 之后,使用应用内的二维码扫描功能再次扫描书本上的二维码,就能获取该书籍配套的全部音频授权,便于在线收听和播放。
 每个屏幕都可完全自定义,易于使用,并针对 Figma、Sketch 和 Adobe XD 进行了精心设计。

□ □ □ □ □

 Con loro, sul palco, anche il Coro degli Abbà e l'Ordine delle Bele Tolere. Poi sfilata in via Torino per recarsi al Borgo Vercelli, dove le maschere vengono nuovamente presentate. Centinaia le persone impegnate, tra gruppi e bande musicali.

□ □ □ □ □

In the data above, find the line with "之后,使用应用内的二维码扫描" and the line with "每个屏幕都可完全自定义,易于使用,并针对 Figma、Sketch 和". Retype both, plus every line between them, exactly.

**Your response**:
 之后,使用应用内的二维码扫描功能再次扫描书本上的二维码,就能获取该书籍配套的全部音频授权,便于在线收听和播放。
 每个屏幕都可完全自定义,易于使用,并针对 Figma、Sketch 和 Adobe XD 进行了精心设计。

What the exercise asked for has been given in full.